Atmospheric corrosion

- occurs in moist air at ordinary temperature. The metal surface is covered with a film of moisture containing dissolved oxygen. The intensity of the destruction of the metal increases with increasing air humidity and gaseous oxides of carbon, sulfur, in the presence of the metal bumps, cracks facilitate condensation.

Soil corrosion

- it exposed pipelines, cables, underground structures. In this case, the metals in contact with soil moisture containing dissolved oxygen. In wet soil, with high acidity pipelines are destroyed within six months after they are laid (of course, if you don't take measures to protect them).

Electric corrosion

- occurs under the action of stray currents arising from extraneous sources (power lines,electric Railways, and various electrical installations operating at a constant electric current). Stray currents cause the destruction of pipelines, oil pipelines,electrical cables, various structures. Under the action of electric current on ground-based metal items there are areas of the entrance and exit of electrons - cathodes and anodes. The most intense destruction is observed at anodic sites.

Electrochemical corrosion

Electrochemical corrosion - the most common type of destruction of metals. An example of electrochemical corrosion is the destruction of parts of machines, devices and various metal structures in soil, groundwater, river water and sea water, in the atmosphere under the film of moisture, in the technical solutions under the action of lubricant-coolant, etc. As already mentioned, electrochemical corrosion flows on the surface of metals under the action of electric currents, that is to happen a redox chemical reaction, characterized by the faile of electrons and transfer them as generate cathodic and anodic areas. The formation of cathodes and anodes contribute to the chemical heterogeneity of metals (impurities and inclusions), the presence of areas of residual deformation, the heterogeneity of the covering metal protective films, etc. Most often in the formation of type of destruction of the metal involved is not one factor, but several. When the metal begins to destruct, it turns into a many-electron galvanic element.

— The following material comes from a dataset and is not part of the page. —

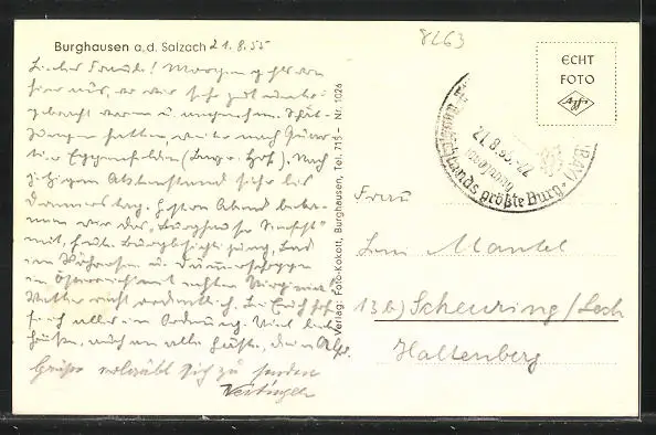gelaufen 1955, Briefmarke entfernt, sonst guter Zustand

For example, consider what happens if copper (Cu) is in contact with iron (Fe) in the electrolyte. This system is a galvanic element, where iron is the anode ( " + " ) and copper - cathode. Iron gives electrons to copper and goes into solution as ions. Hydrogen ions move to copper, where discharged. The cathode is gradually becoming more negative, in the end, becomes equal to the potential of the anode and corrosion slows down.

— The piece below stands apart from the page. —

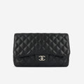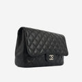 Chanel continues to present its signature line of Classic Flap bags. Under the creative direction of Karl Lagerfeld, the Classic Flap is perhaps the most acclaimed bag in all of fashion history. Timeless, elegant and sophisticated, it's no wonder the Classic Flap is, well, a classic. Featuring its infamous quilted caviar leather and interwoven chain / leather strap, the Jumbo is an absolute must-have in any luxury handbag collection. Not only is this highly coveted, stunning black bag the perfect compliment to pretty much anything you have in your wardrobe, but it's also an investment piece that will never lose its value.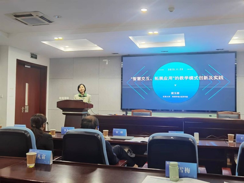 报告二由东南大学成贤司机社 副院长、江苏省教学名师戴玉蓉教授主讲,报告题目为以“智慧交互、实时反馈、拓展创新”为主征的教学新模式。戴教授从教学内容、教学模式和研学环境三方面阐述了将教学改革和建设聚焦到专业人才培养的基础环节的实践经验;以“自动驾驶”、“电磁黑洞与隐身材料”、“深空探测”等为案例,详细介绍了应对未来科技发展支撑现代工程应用的新工科实验项目的设计和体系建设;概括了将教学过程与信息技术融合,教学内容与工程案例结合,线上线下结合、课内课外延伸、理论实验互补、知识应用互融的大学物理实验智慧教学模式。

Just on this topic you can spend the experience at home. We will need three cups with a solution of sodium chloride (table salt), 3 iron nail, a piece of zinc and copper wire (without insulation). So, let's start. The first nail drop into the glass with the salt solution. The second nail with screw copper wire drop into the next glass with the salt solution, and a piece of zinc drop into the last glass. Then dip each nail into your glass with salt solution (there were 3) and leave them for 2-3 days.

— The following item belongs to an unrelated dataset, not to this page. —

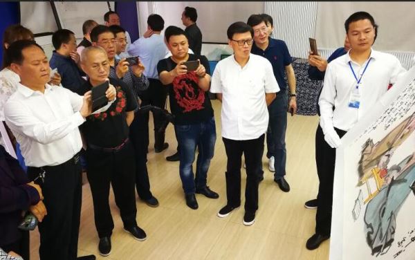 湖南省人大常委会副主任、湘西自治州委书记叶红专(左一)在总策划叶文智陪同下,观看并手机拍照拍卖作品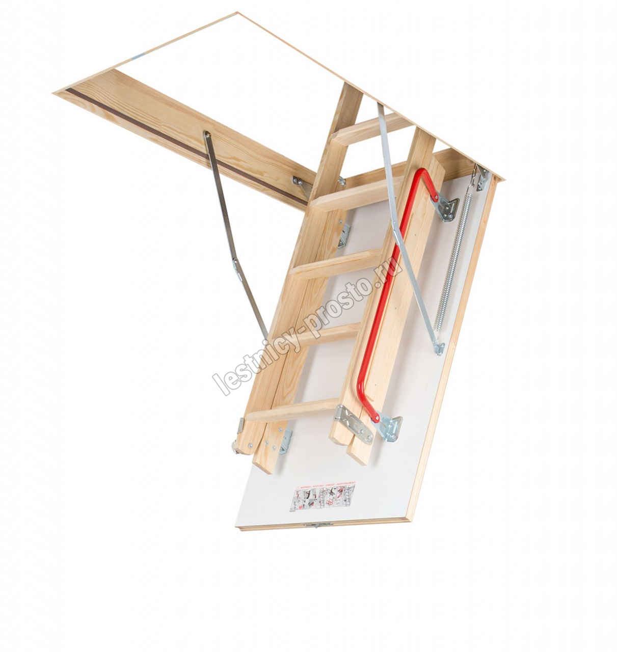 Двухсекционная раздвижная чердачная лестница LDK предназначена для помещений, где недостаточно места для складных лестниц. Данная модель также хорошо сохраняет тепло (толщина крышки с утеплителем – 36 мм), проста, удобна и безопасна в использовании, как и лестницы Smart и Komfort, но в тоже время позволяет максимально экономить драгоценное свободное пространство в доме. Крышка люка облицована ДВП белого цвета, что делает ее практически незаметной при установке в светлом или белом потолке. Для большего удобства и безопасности эксплуатации лестница LDK оснащена боковым металлическим поручнем и противоскользящими выемками на ступенях.

What happens: all of our nails will have traces of rust (corrosion). In the worst condition will be the nail that was in the solution together with copper wire, and the least corroded one that is bound to the zinc! Explanation: all metals have different ability to give up electrons. To compare them in this property by reading number of stresses metals:

Li← K← Rb← Cs← Ba← Ca← Na← Mg← Al← Mn← Cr← Zn← Fe← Cd← Co← Ni← Sn← Pb← H2← Cu← Ag← Hg← Pt← Au

Those metals that are in the row voltages are to the left (e.g. Zn - zinc is to the left of the Fe - iron), it is easier to give their electrons than the metal to the right (for example Cu - copper to the right of the Fe - iron). So, as soon as both of the metal into the electrolyte (conductive path - salt solution), then immediately form a galvanic couple. The more active metal (standing left) is charged positively, while the less active - negative.

Back to our experience: the same thing happened in our glasses with solutions. Iron (Fe) is to the left than copper (Cu), so it is charged positively, rapidly oxidized. In a glass with zinc - zinc (Zn) is more active than iron. Therefore, until all the zinc will not rust, the iron will not be destroyed (which is often used for technical purposes).